> [DIRECTIONS] Print every line below exactly as written, but leave the pictures behind.

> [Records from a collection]

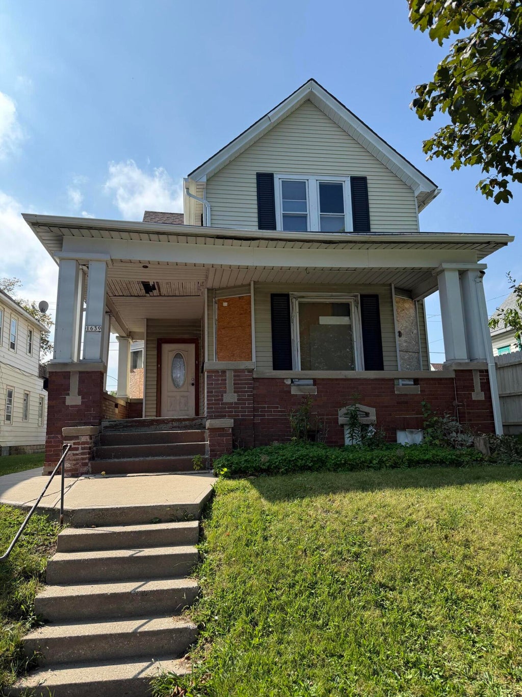 Investors delight! This blank canvas is ready for a savvy investor. Triplex; the first floor is framed for a 1-bedroom and 2-bedroom unit, the upstairs is framed for a 2-bedroom with a utility closet/laundry room. Each floor, even the basement, has tall ceilings. It is completely gutted. No furnaces, water heater, plumbing, or electrical. Seller did the framing, concrete parking, rubber roof, and basement block windows in 2025. Rubber roof area could possibly be a balcony if you replace a window with door and install a balustrade.
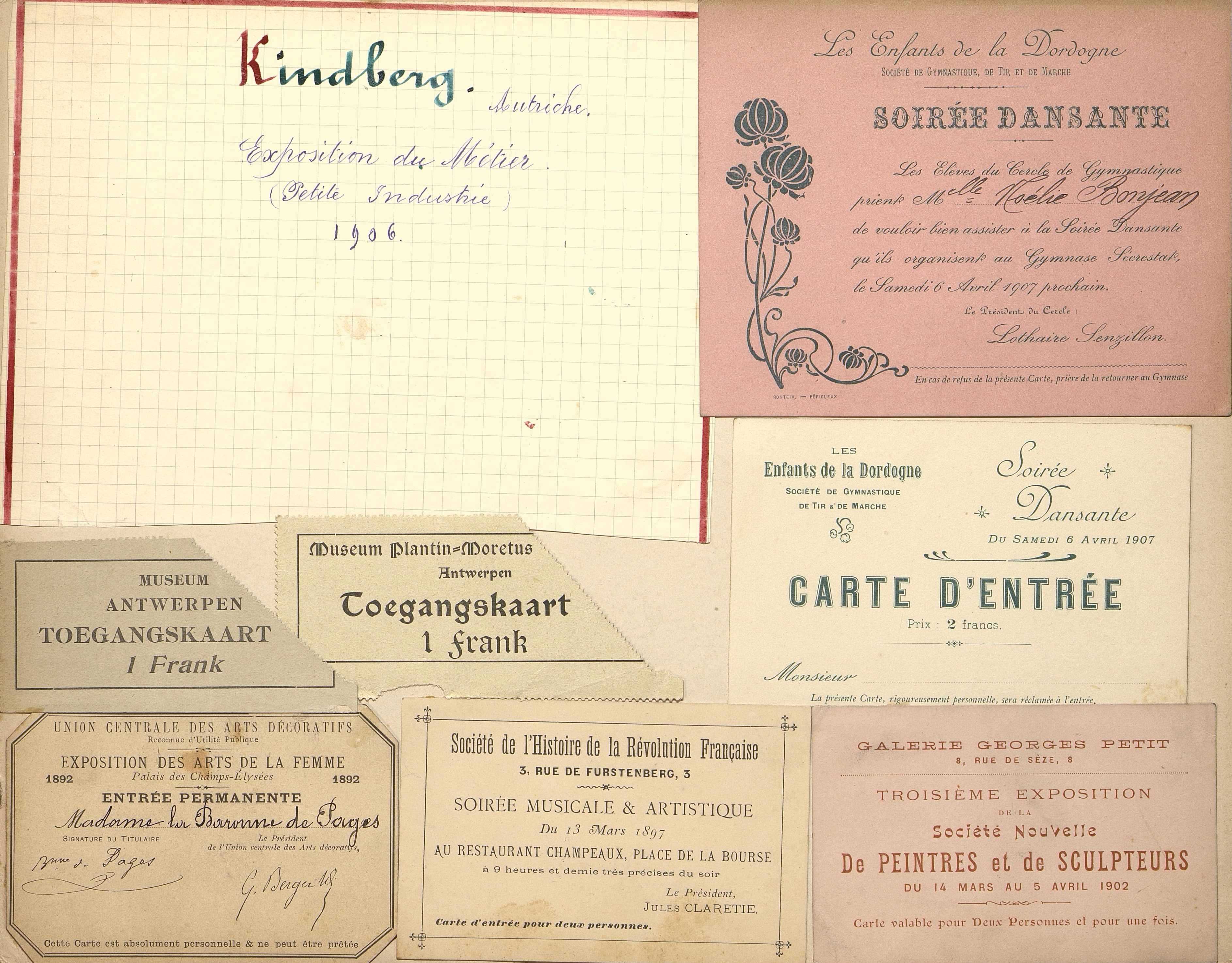Soirée dansante organisée par Les Enfants de la Dordogne, Société de Gymnastique de Tir et de Marche. Carte attribuée à Mlle Noélie Bonjean. Datée du 6 avril 1907.
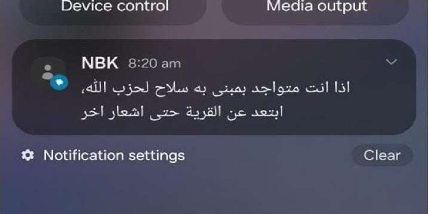 رسائل نصيّة قصيرة أو صوتيّة تصل إلى هواتف عدد من اللّبنانيّين، من قبل الجانب الإسرائيلي، تنصّ على الآتي: "إذا أنت متواجد في مبنى به سلاح لـ"ح زب ال له"، ابتعد عن القرية حتّى إشعار آخر.
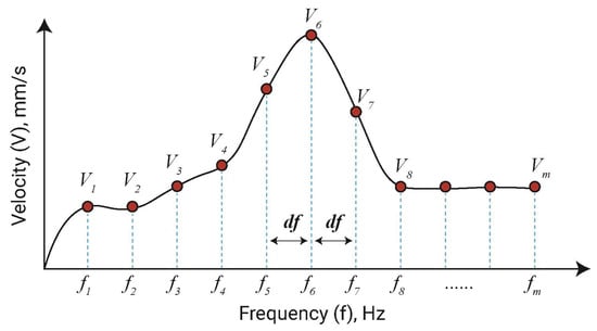 The velocity spectrum is generally useful for rotor-related fault detection. Hence, the velocity spectra are estimated from the measured vibration acceleration data. The relationship between velocity and acceleration at a given frequency is defined in Equation (6), which is used to compute the velocity spectrum:
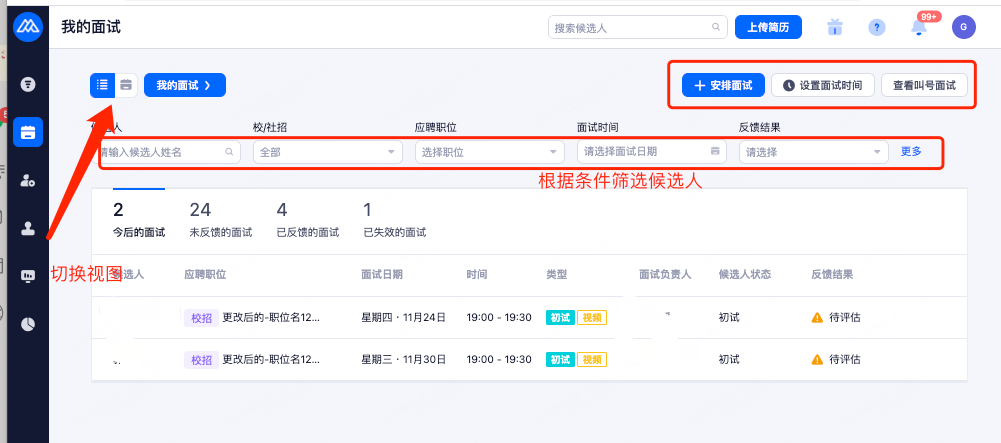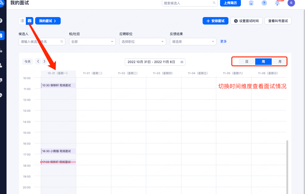 点击我的面试,您可以查看不同面试阶段的候选人,可选择列表或日历形式。
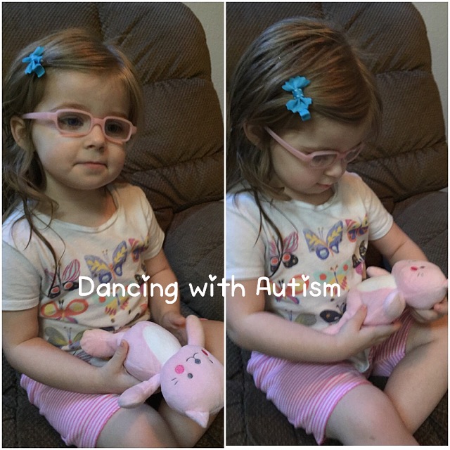 Lila also held a stuffed toy a few different times (for short periods of time) lately – more new things for her!
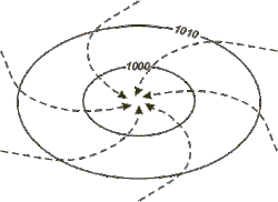 Движение воздуха (пунктирные стрелки) и изобары (непрерывные линии) в циклоне в северном полушарии
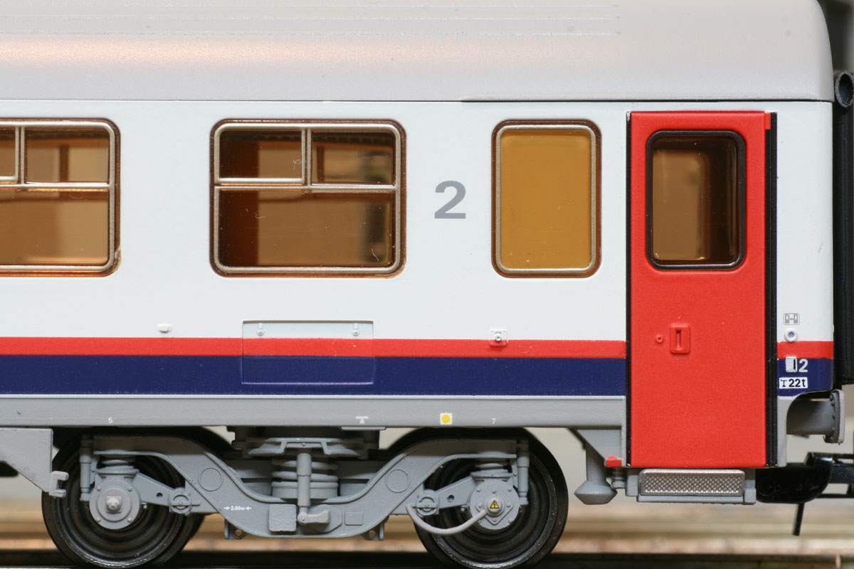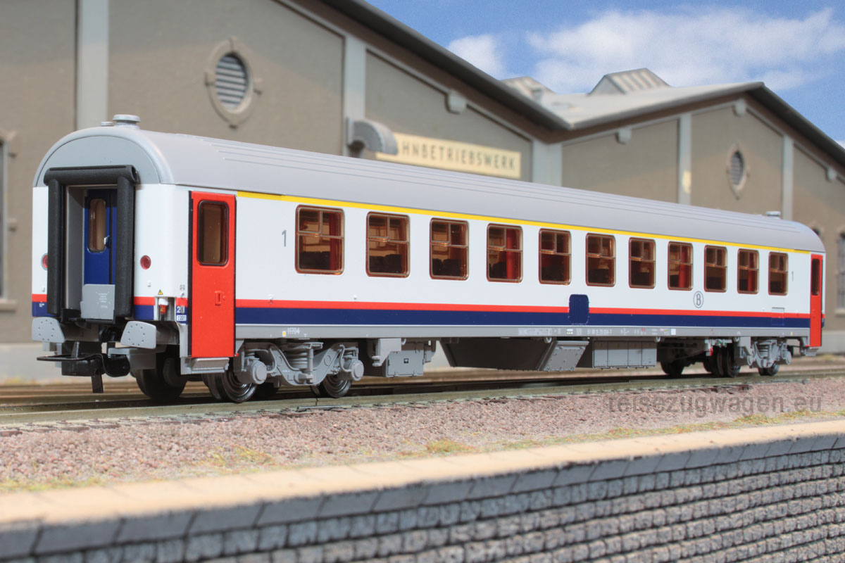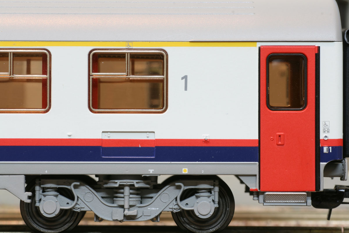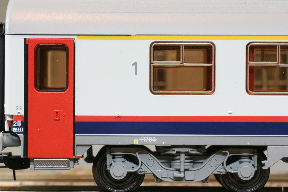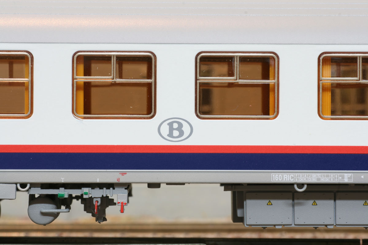 3-tlg. Wagen- Set I 10 der SNCB bestehend aus 1x 1. Klasse (Großraum) und 2x 2. Klasse (Großraum) mit ursprünglichen Fenster (unklimatisiert). Die Lackierung und Beschriftung entspricht der Ep V (ca. 2005)

> [EXERCISE RESULT]
 Investors delight! This blank canvas is ready for a savvy investor. Triplex; the first floor is framed for a 1-bedroom and 2-bedroom unit, the upstairs is framed for a 2-bedroom with a utility closet/laundry room. Each floor, even the basement, has tall ceilings. It is completely gutted. No furnaces, water heater, plumbing, or electrical. Seller did the framing, concrete parking, rubber roof, and basement block windows in 2025. Rubber roof area could possibly be a balcony if you replace a window with door and install a balustrade.
Soirée dansante organisée par Les Enfants de la Dordogne, Société de Gymnastique de Tir et de Marche. Carte attribuée à Mlle Noélie Bonjean. Datée du 6 avril 1907.
 رسائل نصيّة قصيرة أو صوتيّة تصل إلى هواتف عدد من اللّبنانيّين، من قبل الجانب الإسرائيلي، تنصّ على الآتي: "إذا أنت متواجد في مبنى به سلاح لـ"ح زب ال له"، ابتعد عن القرية حتّى إشعار آخر.
 The velocity spectrum is generally useful for rotor-related fault detection. Hence, the velocity spectra are estimated from the measured vibration acceleration data. The relationship between velocity and acceleration at a given frequency is defined in Equation (6), which is used to compute the velocity spectrum:
 点击我的面试,您可以查看不同面试阶段的候选人,可选择列表或日历形式。
 Lila also held a stuffed toy a few different times (for short periods of time) lately – more new things for her!
 Движение воздуха (пунктирные стрелки) и изобары (непрерывные линии) в циклоне в северном полушарии
 3-tlg. Wagen- Set I 10 der SNCB bestehend aus 1x 1. Klasse (Großraum) und 2x 2. Klasse (Großraum) mit ursprünglichen Fenster (unklimatisiert). Die Lackierung und Beschriftung entspricht der Ep V (ca. 2005)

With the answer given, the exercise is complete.